Tag: travel

  • Buenas Noches

    I missed yesterday but im back today. I had a solid day today. Just relaxing and laying around. Nothing too much going on at the moment, but im content and happy.

    I have been having really good conversations with Ms. S. Its nice to have really deep and thought provocative conversations with someone and they operate on a similar brainwave as me.

    This one is short but sweet. and I have to conquer my diet. 100%

    Trading was decent Friday. Lost one trade and won 2. We’re up on the week so thats a blessing. Next week comes the real test. but we got this.

    I love you

  • Bonjour!

    We’re really making great headway lately with consistency. I don’t have much to report. Just happy.

    I need to hit these trading numbers the next 2 weeks and I’ll be good. To god be the glory.

    And if you’re reading this, it’s a blessing because you still have a chance to do whatever your heart desires….. even if today that’s just doing nothing.

    I love you.

  • Wassup!

    Today was also a good day. And we’re at a 6 day streak on here! I really feel like I’m coming into my own and not feels great.

    Today I was hooping. Got fouled a lot but a solid day. And I got hella shots up after and did well. I’m pretty sure my shot is com in g back full force. And I’m pleased. Nothing like just hitting jumpers in a gym. Filled or empty.

    Trading kinda pissed me off.

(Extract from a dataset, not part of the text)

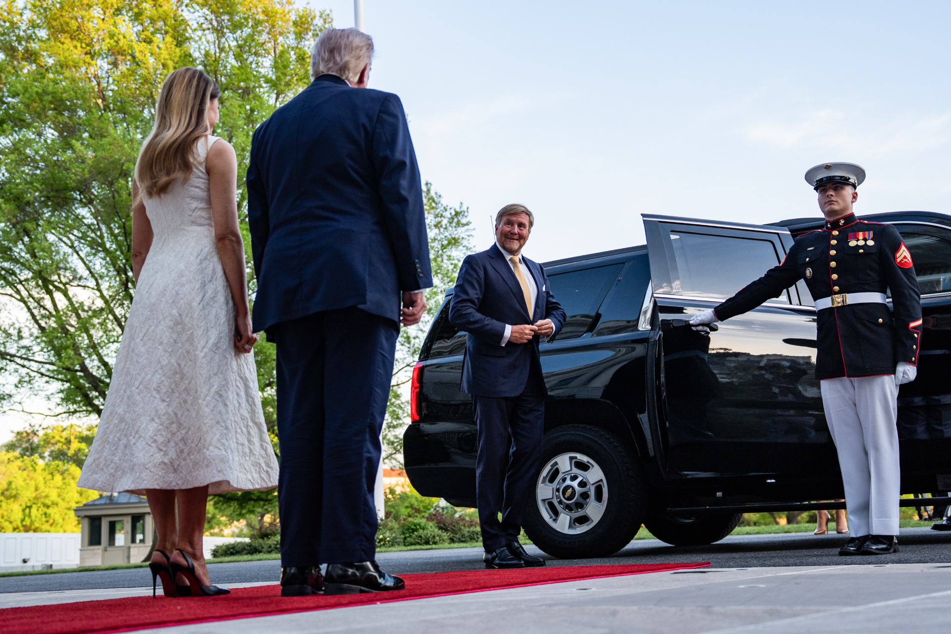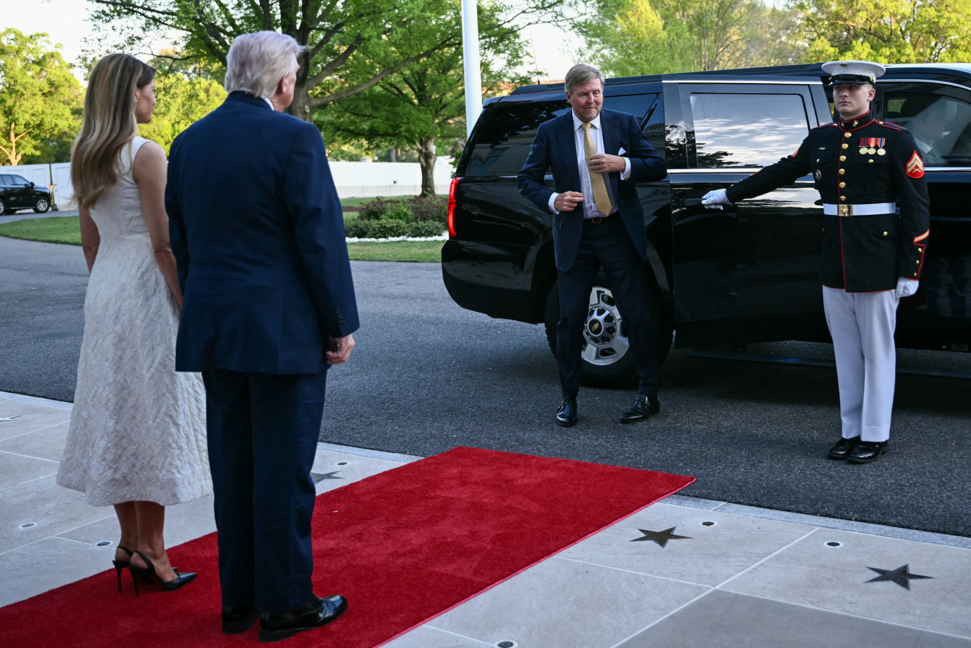 King of the Netherlands Willem-Alexander (C-R) arrives with Queen Maxima (not pictured) as they are welcomed by US President Donald Trump and First Lady Melania Trump into the White House in Washington, DC, on April 13, 2026. (Brendan Smialowski / AFP via Getty Images)

I should have held a trade that followed my rules yesterday. I sold and then it took off today for a nice chunk of change. I have to have faith in myself. 3 more trades. The past is the past. Nothing more or less. Lock in. You got this.

    I been talking to S lately. She is a super dope person and we’re starting to have some pretty deep, thought provoking conversations. That’s really all a nigga wants. To be able to think and understand how others think. And grow mentally. It could all be so simple. But I’m grateful for all that. 🙏🏾🙏🏾🙏🏾

    See you tomorrow.

    I love you.

    Oh and shoutout to Mrs. Jackson. She was the realest teacher of all time.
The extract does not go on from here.